An exact copy of the entries is required, excluding any pictures.
(Data under study begins)
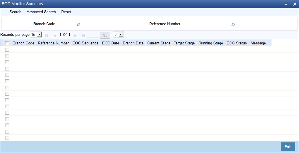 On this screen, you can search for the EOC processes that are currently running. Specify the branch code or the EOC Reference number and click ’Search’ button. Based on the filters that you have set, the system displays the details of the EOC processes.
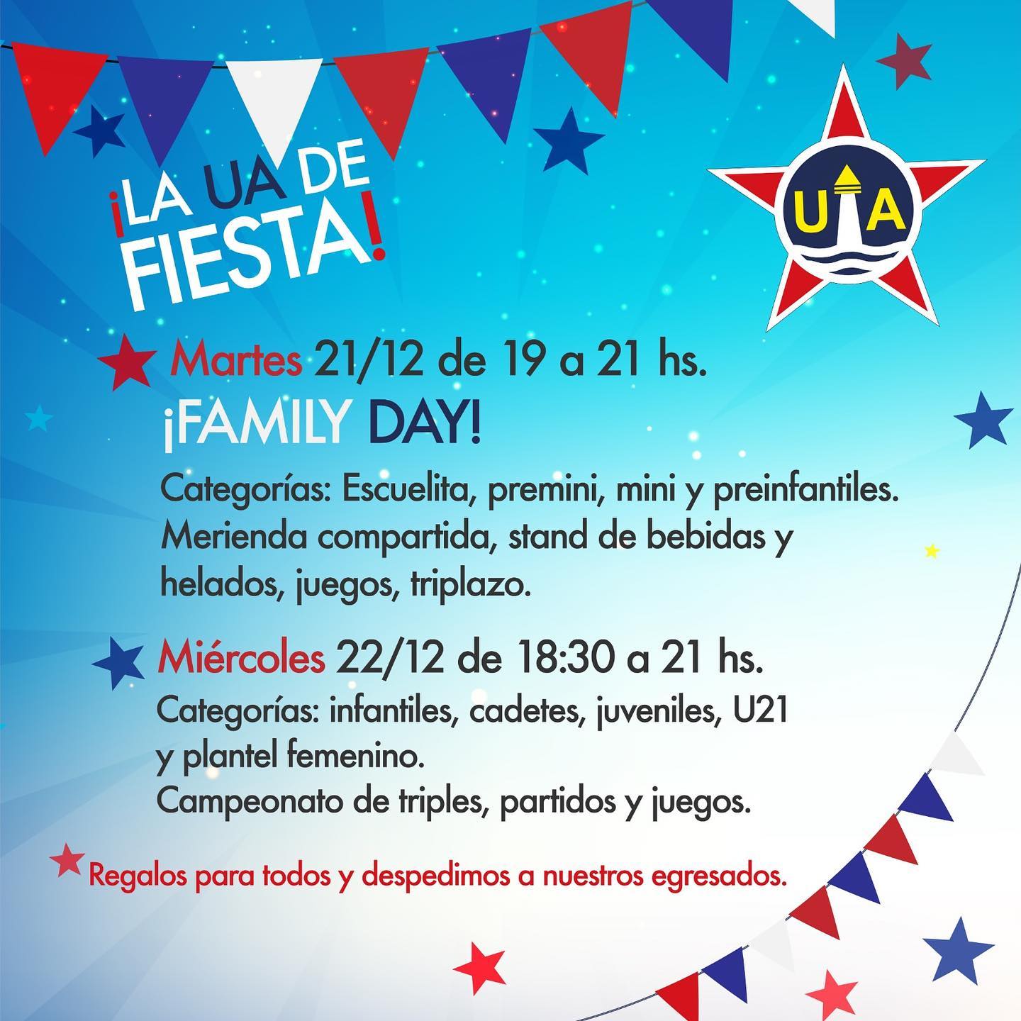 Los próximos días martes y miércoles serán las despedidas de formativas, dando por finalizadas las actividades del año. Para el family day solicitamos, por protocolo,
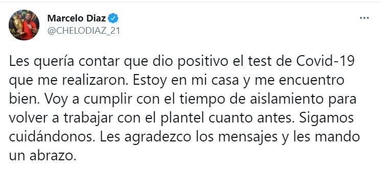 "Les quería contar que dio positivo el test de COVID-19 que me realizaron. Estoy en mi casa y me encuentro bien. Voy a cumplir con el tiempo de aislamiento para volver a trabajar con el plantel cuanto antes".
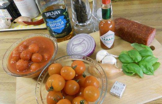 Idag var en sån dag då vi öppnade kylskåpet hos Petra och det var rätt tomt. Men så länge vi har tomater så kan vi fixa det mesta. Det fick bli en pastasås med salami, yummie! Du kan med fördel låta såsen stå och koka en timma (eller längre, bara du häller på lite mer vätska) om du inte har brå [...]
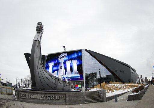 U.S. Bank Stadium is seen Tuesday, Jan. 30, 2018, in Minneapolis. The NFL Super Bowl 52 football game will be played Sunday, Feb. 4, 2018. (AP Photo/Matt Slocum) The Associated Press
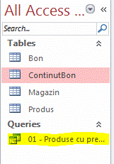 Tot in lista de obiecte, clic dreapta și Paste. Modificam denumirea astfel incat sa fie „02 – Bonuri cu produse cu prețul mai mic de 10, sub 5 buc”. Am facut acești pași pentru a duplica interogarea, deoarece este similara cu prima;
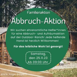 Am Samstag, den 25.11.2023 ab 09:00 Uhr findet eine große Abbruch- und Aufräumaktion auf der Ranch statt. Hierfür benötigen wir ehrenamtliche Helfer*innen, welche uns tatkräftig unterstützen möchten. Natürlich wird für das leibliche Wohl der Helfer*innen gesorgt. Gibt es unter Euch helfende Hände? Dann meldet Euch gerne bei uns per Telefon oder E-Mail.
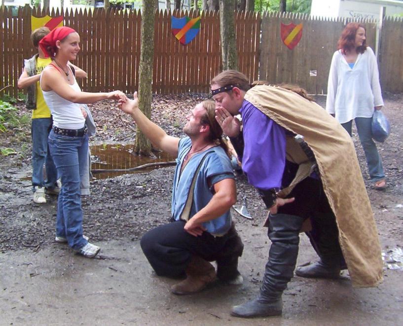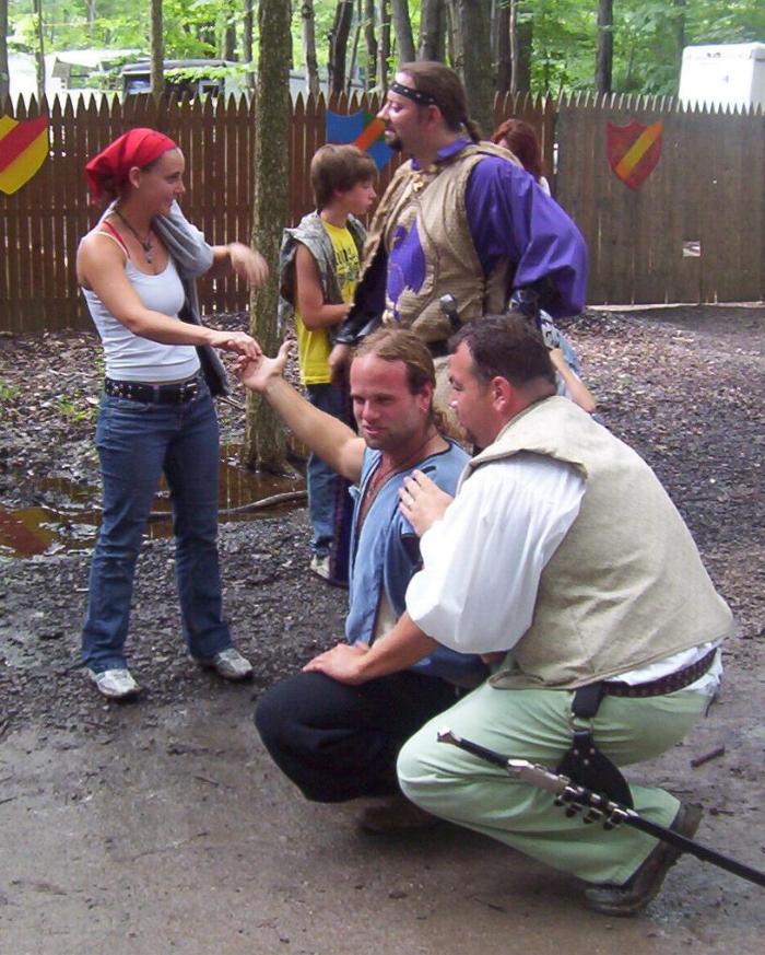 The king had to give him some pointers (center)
(Data under study ends)
**Solution to the exercise:**
 On this screen, you can search for the EOC processes that are currently running. Specify the branch code or the EOC Reference number and click ’Search’ button. Based on the filters that you have set, the system displays the details of the EOC processes.
 Los próximos días martes y miércoles serán las despedidas de formativas, dando por finalizadas las actividades del año. Para el family day solicitamos, por protocolo,
 "Les quería contar que dio positivo el test de COVID-19 que me realizaron. Estoy en mi casa y me encuentro bien. Voy a cumplir con el tiempo de aislamiento para volver a trabajar con el plantel cuanto antes".
 Idag var en sån dag då vi öppnade kylskåpet hos Petra och det var rätt tomt. Men så länge vi har tomater så kan vi fixa det mesta. Det fick bli en pastasås med salami, yummie! Du kan med fördel låta såsen stå och koka en timma (eller längre, bara du häller på lite mer vätska) om du inte har brå [...]
 U.S. Bank Stadium is seen Tuesday, Jan. 30, 2018, in Minneapolis. The NFL Super Bowl 52 football game will be played Sunday, Feb. 4, 2018. (AP Photo/Matt Slocum) The Associated Press
 Tot in lista de obiecte, clic dreapta și Paste. Modificam denumirea astfel incat sa fie „02 – Bonuri cu produse cu prețul mai mic de 10, sub 5 buc”. Am facut acești pași pentru a duplica interogarea, deoarece este similara cu prima;
 Am Samstag, den 25.11.2023 ab 09:00 Uhr findet eine große Abbruch- und Aufräumaktion auf der Ranch statt. Hierfür benötigen wir ehrenamtliche Helfer*innen, welche uns tatkräftig unterstützen möchten. Natürlich wird für das leibliche Wohl der Helfer*innen gesorgt. Gibt es unter Euch helfende Hände? Dann meldet Euch gerne bei uns per Telefon oder E-Mail.
 The king had to give him some pointers (center)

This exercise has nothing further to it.